As advertising, email and cold calling go the same way as coupons and catalogues, is there an alternative?

We can present to your management team an alternative that world beating companies are turning to.

What would that look like?

Social Media Has Changed How We Live and Work

At DLA Ignite a presentation will consist of some context, so research that shows the way that social media has changed the way we live and the way we work.

We are not saying things have changed, the figures from the research show how the world has changed.  For example …

We Have Transformed In Work and Play on Social

In this report by Simon Kemp he outlines the extent that social media has become part of our lives.

Linkedin have just announced there are now 706 million people on Linkedin.

How You Can Make a Difference?

We then talk about how you can make a difference.

Using ourselves as a case study, we show you what we do to “social sell”.  We don’t advertise, we don’t cold call and we don’t send spam emails.  We social sell.

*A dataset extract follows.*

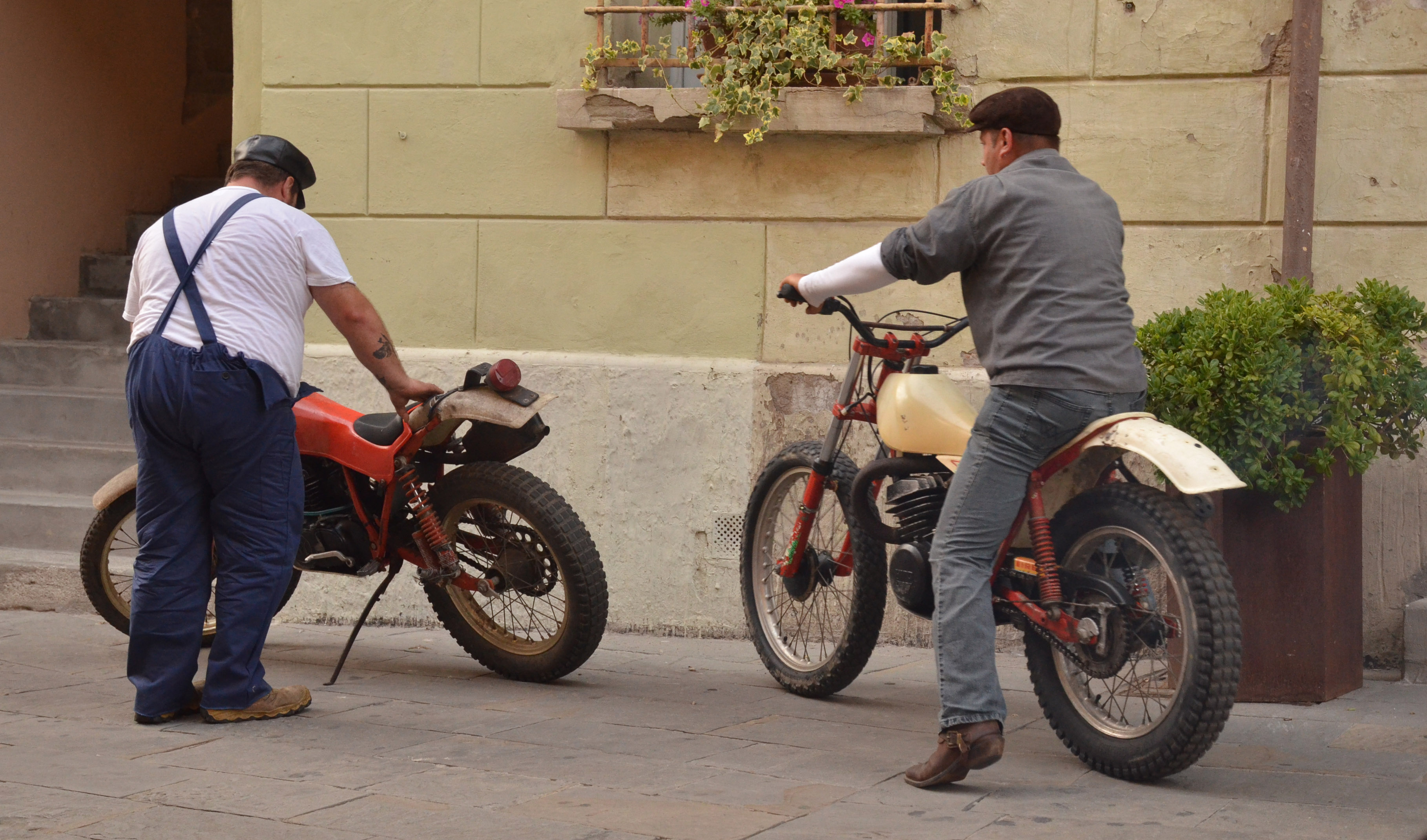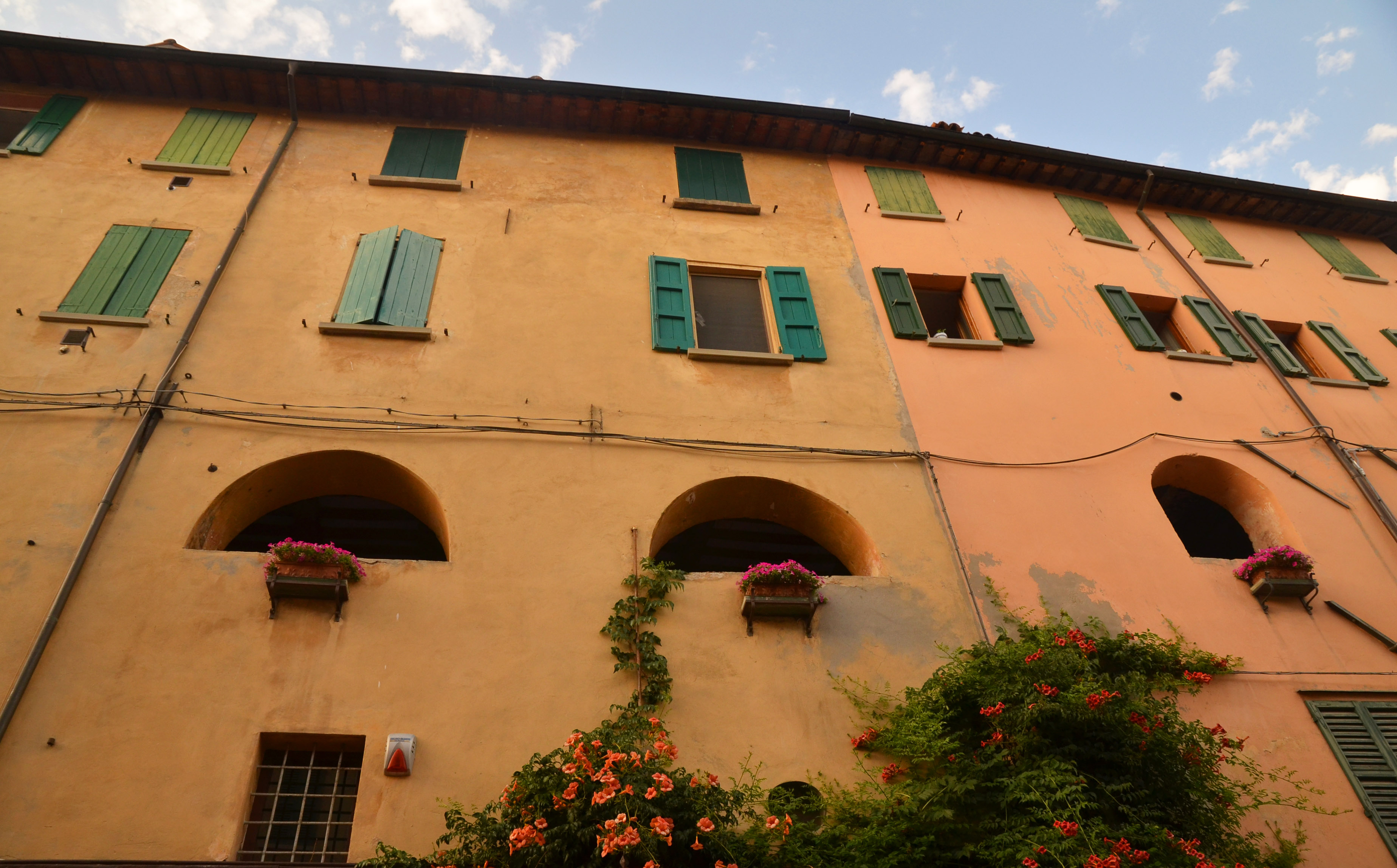 Brisighella is a tiny medieval village in the Italian Apennines between Romagna and Tuscany. When we went, there was a vintage festival, and I bought the prettiest earrings. We also saw another very nice pair that cost 500 Euros so I didn’t get those. There was a vintage bicycle exhibit and two guys going around in vintage motorcycles. There were vintage posters and vintage shoes for sale. We walked around, then sat down and people-watched in front of the tiny street with the colourful houses. Very cute!

We always point out that we are presenting to the Board of the business, through our own use of social.

Explaining with examples, of how we use social, is a great case study.  Everybody who works for DLA Ignite has to be a “high water mark” of social. Why? Because if we are to stand up in front of your sales team and say “do this”, it will be a short conversation if we are not exhibiting those behaviours.

(Somebody just launched a social selling business this week by sending an email.  Would you really buy from a company that sold social selling, that didn’t use social selling?)

What are Your Competitors Doing on Social?

Next we show how your competitors are using social.  Everybody is interested in what their competitors are doing and we can show you an analysis of what your competitors are doing.  Most of them are invisible to the digital customer, so this allows you to see the competitive advantage and revenue potential.  If you move into the digital space, you are out manoeuvring and out selling the competition, which is a good thing, right?

Who’s Doing This? – Case Studies

We then walk you through the companies and the people that are doing this already.  The actual $ the people have achieved.

I often write about BMW, while this is B2C it is a considered purchase and they use LinkedIn to generate leads.  In November 2019, they got 28 pieces of inbound from Linkedin and converted 14 of them. Let’s assume a BMW is $50,000, then that’s an additional $700,000 of revenue for zero marketing spend.

This is in the same month that Jaguar Land Rover (JLR) complained they couldn’t make any sales and were closing down production.

My point being that even before Covid19 there was clear winners and losers.

We do have NDAs in place with all of our clients, as you can imagine this is a massive competitive advantage, but there are details, like the one above, we can share.

If anybody tells you there is no Return on Investment (ROI) from social selling, they don’t know what they are talking about.

Next we talk about the opportunity and show a list of target accounts … companies that you currently don’t have relationships with, you could sell to with social and digital.

Target List and Accounts and People

In this meeting it ended up with us giving a presentation on Sales Navigator.  Not a technical presentation, but focused on your business.  Using certain search criteria, we pulled up a list of 800 people all of whom are possible target people / companies.  They are all are people that could buy from you.  It surprised this business, that they were not connected to any of the people.  Again, this gives you some idea of the potential you have.

Where Do We Go From Here?

At the end of the meeting the MD stood up and thanked our person and said “We went into lockdown analogue, but we will come out of it digital”.

Obviously at this point a company needs to decide how they implement this.

We think that having being do this for 4 years, we are no fly by night company, it gives us a great track record.  We have a proven methodology and all our customers get results.  The methodology is repeatable and predictable as to the results.  We are giving people a life skill, so they and you get these results, forever.

And finally, it’s all we do.

If you went for knee surgery and found the best knee surgeon in the world, then that would be perfect.  If the knee surgeon said they were also a ini cab driver and a gardener.  In fact, the longer the list of “services” he provides the more likely you won’t use him.  The same goes for your “full service marketing agency”.  I’m sorry, but they are not experts on social.  But all you have to do is look at their social profiles and compare them with ours.

How We Experienced 10 years’ Worth of Digital Growth in Just Three Months

We all know the world has changed and the fact we have “experienced 10 years’ worth of digital growth in just three months” just proves you cannot be doing the same as you were, pre-covid.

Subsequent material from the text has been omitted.